Jak mnie czasem wkurza rodzinka żony (w sensie moja czasem też, ale to wpis o rodzince żony akurat).
Ostatnio żona była u siostry z dzieciakami. Jak wracała pakuje dzieciaki do samochodu, a jej siostra i matka siadły na nią, że po co tak mocno dzieciaki zapina i że się jej poduszą. Żonka sensownie odpowiada, że tak trzeba, bo w razie wypadku pasy muszą być napięte, a one dalej swoje, że się dzieciaki poduszą i zaczynają luzować młodszemu pasy. Żonka wkurzona sama naciągnęła pasu tak jak być powinny, pierdyknęła drzwiami i pojechała do domu.
Ostatnio znowu mieliśmy o to spinę tym razem z siostrą żony i jej mężem, ale tym razem to ja prowadziłem. Standardowo najpierw tekst, że podusimy te dzieciaki. Na to spokojnie jeszcze odpowiadam, czy wiedzą po co w samochodach montuje się napinacze pasów które dociągają pasy podczas wypadków i czy wiedzą, że fotelik nie ma czegoś takiego. Odpowiedź szwagierki w stylu: "no tak, ale przecież jak będą tak napięte pasy, to przy uderzeniu głowa mu poleci do przodu, a reszta ciała nie i może sobie coś uszkodzić". No to już mniej spokojnie mówię, że przecież miała fizykę na studiach i w przypadku nienapiętych pasów ten efekt będzie jeszcze gorszy. I tu jeszcze wtrącenie szwagra, że my to przesadzamy, bo przecież jedziemy tylko kawałek i przecież nic się nie stanie. Tu już wkurzony nieźle, ale ciągle spokojny odpowiadam, że nie miałem pojęcia, że wypadki zdarzają się tylko w dalekich trasach. Nie dyskutowałem dalej, tylko zapakowałem dzieciaki i pojechałem.

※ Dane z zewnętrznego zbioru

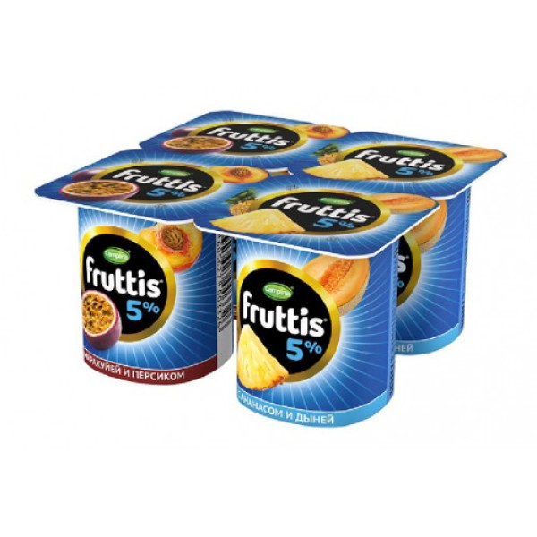 Продукт йогуртный Fruttis Персик-маракуйя Ананас-дыня 5% 115 г создан на основе отборного молока, сливок и сочных фруктов. Он станет хорошим вариантом десерта или быстрого перекуса. Продукт не содержит искусственных красителей, хорошо утоляет голод, не перегружая желудок. Он обладает густой консистенцией, приятным вкусом и ароматом. Продукт продается блоками. Каждый из них включает два йогурта «Персик-маракуйя» и два – с ананасово-дынным вкусом. Упаковка надежно сохраняет вкусовые качества продукта в пределах установленного срока годности. Компактные пластиковые стаканчики с герметичными металлизированными крышками удобны в хранении. Они легко поместятся на полке в холодильнике. Такой формат удобно брать с собой – для него найдется место в любой сумочке. Приобрести продукт йогуртный Fruttis Персик-маракуйя Ананас-дыня 5% 115 г можно в Москве в торговом центре METRO.Страна-производитель: Россия.Бренд: FRUTTIS.Состав: Ананас-Дыня — молоко нормализованное, вода, наполнитель (ананас, сахар, вода, дыня, загуститель — дикрахмалфосфат оксипропилированный, ароматизаторы, регулятор кислотности — лимонная кислота, красители: каротины, экстракт паприки), сахар, глюкозно-фруктозный сироп, загуститель – дикрахмаладипат ацетилированный, сыворотка сухая молочная, пищевой желатин, лактоза, с использованием закваски. /Персик-маракуйя — молоко нормализованное, вода, наполнитель (персик, сахар, вода, маракуйя, загуститель – дикрахмалфосфат оксипропилированный, ароматизаторы, красители; каротины, экстракт паприки; регулятор кислотности — цитраты натрия), сахар, глюкозно-фруктозный сироп, загуститель – дикрахмаладипат ацетилированный, сыворотка сухая молочная, пищевой желатин, лактоза, с использованием закваски.Пищевая ценность на 100 г продукта: белки – 2,2 г, жиры – 5 г, углеводы – 16 г. Энергетическая ценность: 120 ккал.Хранить при температуре от 2°С до 12°С. Срок годности: 150 дней.

#!$%@? mnie okrutnie gdy ktoś ma takie podejście do bezpieczeństwa dzieci. Sami często jadą z dzieciakiem na kolanach od mamy do domu, bo to przecież tylko parę km, a wygodniej jechać w 6 niż na dwa razy. Teściu ma fotelik, bo czasem musi przewieźć któreś z wnucząt, ale fotelik ujowo zamocowany, tak że cały lata, a do tego z pasami, bez żadnych naramienników, tylko po to, żeby mandatu nie dostać za brak fotelika, bo przecież nigdzie daleko nie wozi wnuków, najwyżej parę km.
To mnie #!$%@?, ale jeszcze spoko, bo w końcu ich dzieci. Ale jak ktoś się #!$%@? w bezpieczeństwo moich dzieci, to mnie krew zalewa i #!$%@? strzela. Generalnie rodzinka spoko, narzekać za bardzo nie mogę, ale tą jedną kwestią podnoszą mi ciśnienie okrutnie..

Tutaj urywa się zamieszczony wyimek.